Dynamic correlations of frustrated quantum spins from high-temperature expansion

Abstract

For quantum spin systems in equilibrium, the dynamic structure factor (DSF) is among the most feature-packed experimental observables. However, from a theory perspective it is often hard to simulate in an unbiased and accurate way, especially for frustrated and high-dimensional models at intermediate temperature. To address this challenge, we compute the DSF from a dynamic extension of the high-temperature expansion to frequency moments. We focus on nearest-neighbor Heisenberg models with spin-lengths S=1/2 and 1. We provide comprehensive benchmarks and consider a variety of frustrated two- and three-dimensional antiferromagnets as applications.
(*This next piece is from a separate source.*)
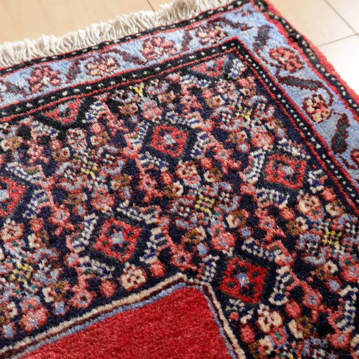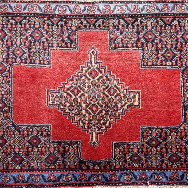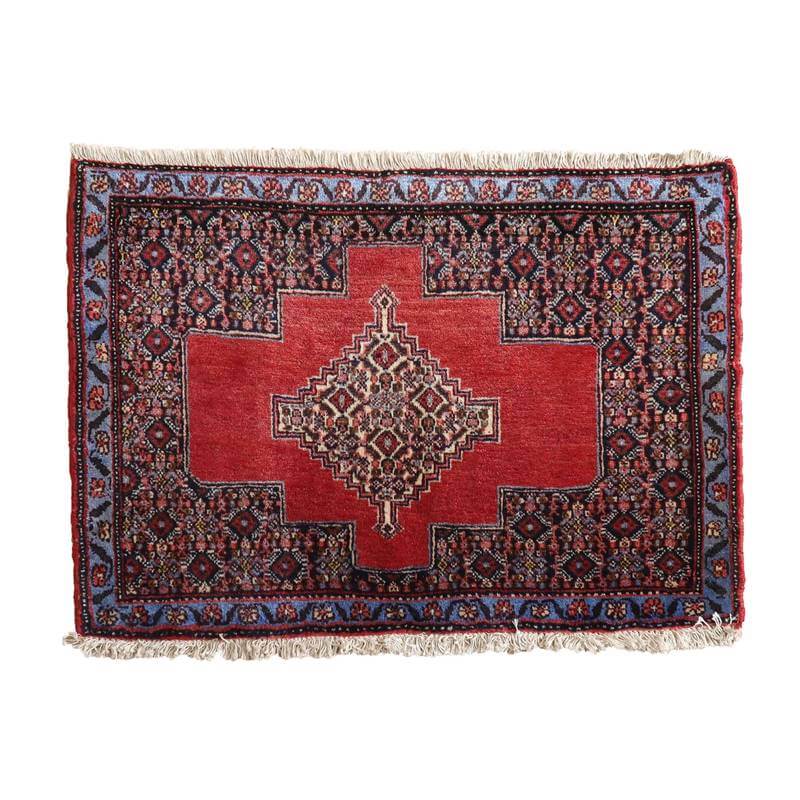 真ん中に大きなひし形模様を配したサナンダジ地方特有の文様デザイン。茶交じりの赤、紺、ブルーを基調とした落ち着いた雰囲気、細い糸を使用した織りの詰まった作りで、しなやかな生地感の滑らかな手触りです。

In particular we shed new light on the anomalous intermediate temperature regime of the S=1/2 triangular lattice model and reproduce the DSF measured recently for the S=1 pyrochlore material NaCaNi2F7. An open-source numerical implementation for arbitrary lattice geometries is also provided.

Figures (7)

• Figure 1: Heisenberg $S=1/2$ AFM chain at $T=\infty$. (a) Continued fraction parameters $\delta_r$ for two momenta $\mathbf{k}$. The large dots denote the exact results for $r=0,1,...,6$ from Dyn-HTE, the small markers depict various linear extrapolation schemes $\delta_{r>6} = (r-6)a + b$ to which the DSF in (b), obtained from the infinite continued fraction Eq. \ref{['eq:linear_Approx']}, is largely insensitive as seen from the overlap of various linestyles.
• Figure 2: DSF for the Heisenberg $S=1/2$ AFM chain at $x=J/T \in \{0,2,4\}$, left to right column. Top row: Dyn-HTE results based on extrapolation of moments with $r\leq6$ ($r\leq3$ for $x>0$). Middle row: DMRG data reproduced from Ref. kish_high-temperature_2024. Bottom row: Lineshape for $S(\mathbf{k},\omega)$ at fixed $\mathbf{k}\in \{0.2 \pi, \pi\}$. The lattice spacing is set to unity. The values for $\Sigma \equiv \frac{J}{V_{BZ}} \! \int_{-\infty}^\infty \! \mathrm{d} \omega \! \int_{BZ} \! \mathrm{d}\mathbf{k} \:S(\mathbf{k},\omega)$ with $V_{BZ}$ the BZ-volume are also indicated and Dyn-HTE fulfills the sum-rule $\Sigma=\langle S_i^z S_i^z \rangle = S(S+1)/3=1/4$ within $<1\%$.
• Figure 3: DSF of triangular lattice $S=1/2$ Heisenberg AFM at momenta $M$ (top) and $K$ (bottom) from Dyn-HTE with $r_{max}=3$ and $f=0.55$. Inset: $\omega/T$-scaling collapse for $\omega \leq J$ and $0.43 \leq T/J \leq 0.95$ with scaling exponent $\alpha=1.10(2)$.
• Figure 4: (a) DSF for the pyrochlore lattice $S=1$ Heisenberg AFM for $\mathbf{k} = (2,2,l)$, $J=2.4\meV$ at $x=J/T=4$ from Dyn-HTE (via u-Padé with $f=0.6$). (b) Experimental INS data for $\mathrm{NaCaNi}_2\mathrm{F}_7$ at $x\simeq 15$, from Ref. plumb_continuum_2019.
• Figure 5: Heisenberg $S=1/2$ AFM chain: First four normalized moments $x \, m_{\mathbf{k},2r}(x)/m_{\mathbf{k},2r}(0)$, $r=0,1,2,3$ from Dyn-HTE (top) and corresponding continued fraction parameters $\delta_{\mathbf{k},r}$ (bottom) at momenta $\mathbf{k}=0.2 \pi$ (left) and $\mathbf{k}=\pi$ (right). The solid lines represent the bare series, while the dotted and dashed lines are different Padé approximants in the variable $u= \tanh(fx)$. We chose $f=0.48$ such that the different Padé approximants agree with each other. The bottom row shows the corresponding $\delta_r$ of the continued fraction expansion at various temperatures (dots) and their linear extrapolation for $r\geq 4$ (crosses).